木下:  坂本一成さんの「代田の町家」も同様ですね。これは借地のケースで、底地と借地権を合わせて古家付き土地として売りに出されていました。設計者の坂本先生からご相談がなければ、建物が壊されていた可能性は極めて高いと思います。
野沢:  日本の不動産流通は土地の価値しか評価しませんが、住宅遺産では建物の価値を認めた継承もいくつか現れています。
木下:  一番分かりやすいのは篠原一男設計の「から傘の家」で、建物と土地を別々に売却したケースです。敷地が計画道路にまたがっていたため、当初から建物の移築による継承を検討していたのですが、海外の某財団がその建築的価値を高く評価し、建物を買い取ってくださいました。
野沢:  住宅遺産トラストは関わってはいませんが、「谷川さんの住宅」もそうですね。誰それが設計した家が欲しいというヴィンテージコレクターが存在していて、しかもそのコミュニティのようなものもある。
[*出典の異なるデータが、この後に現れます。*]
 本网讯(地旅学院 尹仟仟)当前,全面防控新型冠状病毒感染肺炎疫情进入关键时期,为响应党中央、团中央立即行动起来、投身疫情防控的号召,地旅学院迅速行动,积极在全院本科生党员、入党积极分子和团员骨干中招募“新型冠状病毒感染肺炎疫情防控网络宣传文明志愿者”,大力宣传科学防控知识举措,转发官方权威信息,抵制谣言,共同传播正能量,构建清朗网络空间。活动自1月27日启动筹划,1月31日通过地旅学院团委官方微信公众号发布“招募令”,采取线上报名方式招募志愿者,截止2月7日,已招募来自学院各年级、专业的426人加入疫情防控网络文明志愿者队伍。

木下:  「土浦亀城自邸」や妹島和世設計の「森の別荘」も同様です。ただ今のところ、建物の価値をどう値段に反映するかは難しい問題ですが。住宅遺産の場合、購入後のリノベ−ションに非常にお金がかかることも事実で、立地によってはリノベーションの費用が不動産価格を上回るケースもあります。
野沢:  少し変な言い方になるのかもしれませんが、新しい市場を作れたのかなという感じがしています。実際、住宅遺産トラストには、ウェイティングリストのようなものが出来つつあります。
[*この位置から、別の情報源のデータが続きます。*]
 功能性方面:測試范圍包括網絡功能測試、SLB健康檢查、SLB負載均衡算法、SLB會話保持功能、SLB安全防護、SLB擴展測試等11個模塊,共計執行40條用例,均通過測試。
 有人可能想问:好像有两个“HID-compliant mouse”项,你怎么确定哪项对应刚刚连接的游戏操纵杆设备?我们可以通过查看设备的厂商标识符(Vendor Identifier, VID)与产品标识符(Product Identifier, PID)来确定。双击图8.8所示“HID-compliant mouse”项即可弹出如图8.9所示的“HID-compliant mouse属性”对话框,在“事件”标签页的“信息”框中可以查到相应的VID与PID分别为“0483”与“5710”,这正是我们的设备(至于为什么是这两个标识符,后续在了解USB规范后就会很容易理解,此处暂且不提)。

鈴木:  ワシントン在住の知り合いがモダニズム住宅に住んでいます。そこを買うまで、彼女は何十件もモダニズム住宅を内見したと言っているので、海外ではそういう商売が存在しているようですね。
松村:  カリフォルニアでもモダニズム住宅がごく普通に流通しています。ですから、それらを設計したシンドラーやノイトラといった建築家の名前を、不動産業者も住まい手も知っていたりします。
木下:  日本にも潜在的ニーズはあったと思います。ただ、建築的価値が高い住宅を探す術がなかった。住宅遺産トラストの活動が新聞や雑誌などで紹介されるようになり、その存在を知った方々がHPを見たり口コミでご連絡くださるようになりました。